New equality laws In Ireland Will Mean the End of Catholic Adoption agencies in Ireland, thanks to the Vatican
When I was a boy, our house was never without a collecting box for Canon Craven's Crusade Of Rescue. He was the head of the Catholic Adoption Society of Westminster.
Years later, when I was a priest and he was a bishop, I supplied at his London parish of St James's. He spoke proudly of what he and his co-workers had done in placing Catholic orphans in good Catholic homes.
It came as a shock to me when I heard this week that the last of England's 12 adoption societies has been forced to close. A century of good works came to an abrupt halt. They had run foul of England's new equality laws.
The Vatican believes no Catholic agency can allow same-sex couples to adopt their children.
The body that oversees English adoptions says no agency is allowed not to. This government-funded body even refers to those opposed to gay couples adopting as "retarded homophobes".
Rome insists that a child needs a mother and a father as parents and not same-sex couples.
The reality is that many Irish children are being brought up exclusively by single parents -- unmarried mothers.
Would not, say, two mothers who love each other be at least as acceptable?
Unnatural
Not to Pope Benedict. His decision rests on his belief that homosexuality is unnatural, a disorder, polite words for a perversion. He doesn't want to risk two perverts bringing up a Catholic child.
Scientific research suggests that homosexuality is natural, if less common than heterosexuality. In any case, gays should have exactly the same civil rights as others. Rome disagrees chiefly because it's convinced of a connection between the twin "perversions" of homosexuality and paedophilia.

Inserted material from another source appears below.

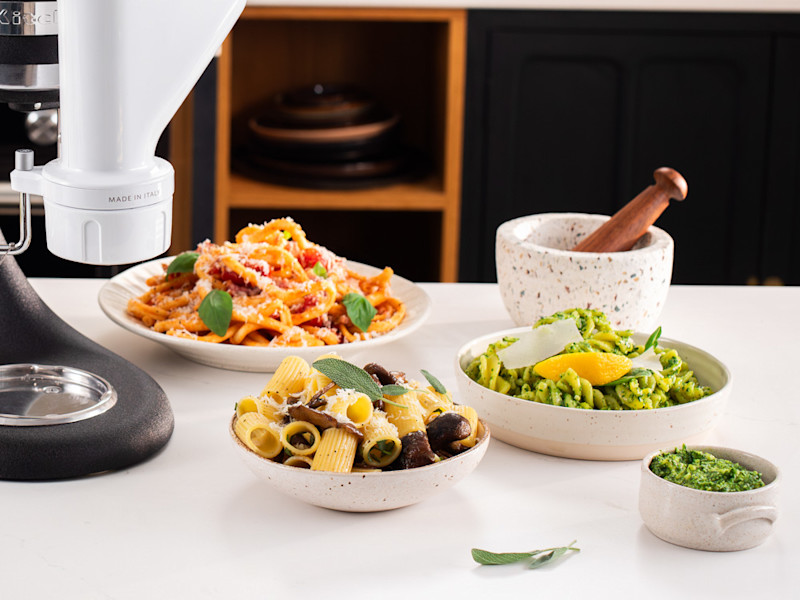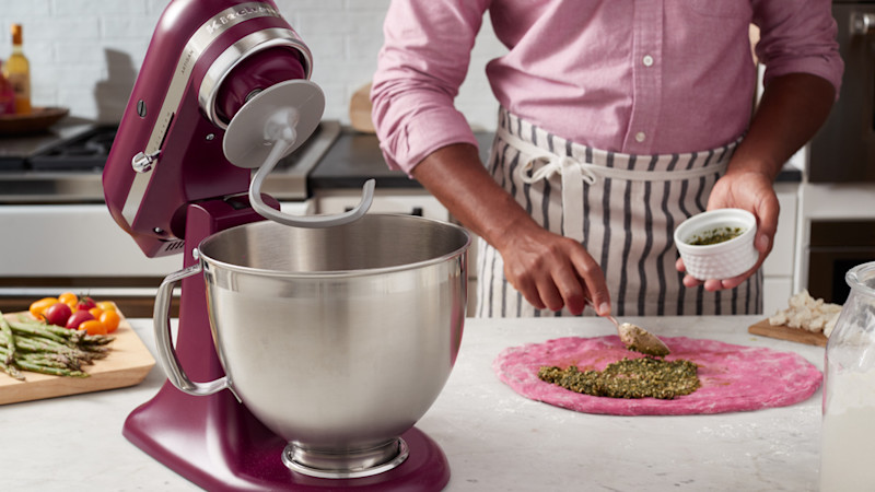 Montar merengues esponjosos, desmenuzar el pollo, prensar la pasta, amasar el pan, picar hielo, trocear verduras… La batidora amasadora KitchenAid puede encargarse prácticamente cualquier tarea en la cocina. Lo único que no puede hacer es decidir cuál de estas deliciosas 41 recetas preparar. Si estás buscando una receta concreta, por ejemplo, un brioche suave y esponjoso, pasta casera o el helado de vainilla definitivo, o si solo tienes curiosidad por ver lo que puede hacer tu batidora amasadora, con los accesorios adecuados podrás cocinar todos los platos de esta lista con facilidad.

The Pope said that English legislation violates the Church's civil liberties and the natural law in which human equality is grounded. This sounds strange, coming from the head of a Church that allows no women the right to make any key decision in their lives.
How does this affect Ireland? In 2006, the High Court held that same-sex marriages were against the Constitution. Ms Justice Dunne, however, looked forward to legislative changes to help same-sex and unwed heterosexual couples deal with real difficulties in their relationships. Only the Dail can decide what such changes should be.
In July this year, The Civil Partnership and Certain Rights and Obligations of Cohabitants Act 2010 was passed without a vote by the Dail, then by the Seanad 48-4 before being signed by the President.
Rights
All polls suggest that people are overwhelmingly in favour of these changes. Politicians should take note: three polls, 58, 62 and 63 per cent support full marriage rights for gays as in Belgium, Holland, Spain, Portugal etc. Could it be a change in the Constitution is not far off?
Legislation is expected to be introduced in the Dail this December.
Gay couples demand no more rights than heterosexuals, nor any less. They'll obviously be granted full rights in matters like the family home, taxation, inheritance, hospital visits.
With the hierarchy lobbying hard to prevent an outcome anathema to the Pope, will politicians dare include the right to adopt?
If the bishops fail, and adoption by same-sex couples passes into law, the many Catholic adoption agencies in Ireland may have to follow their counterparts in England and shut up shop.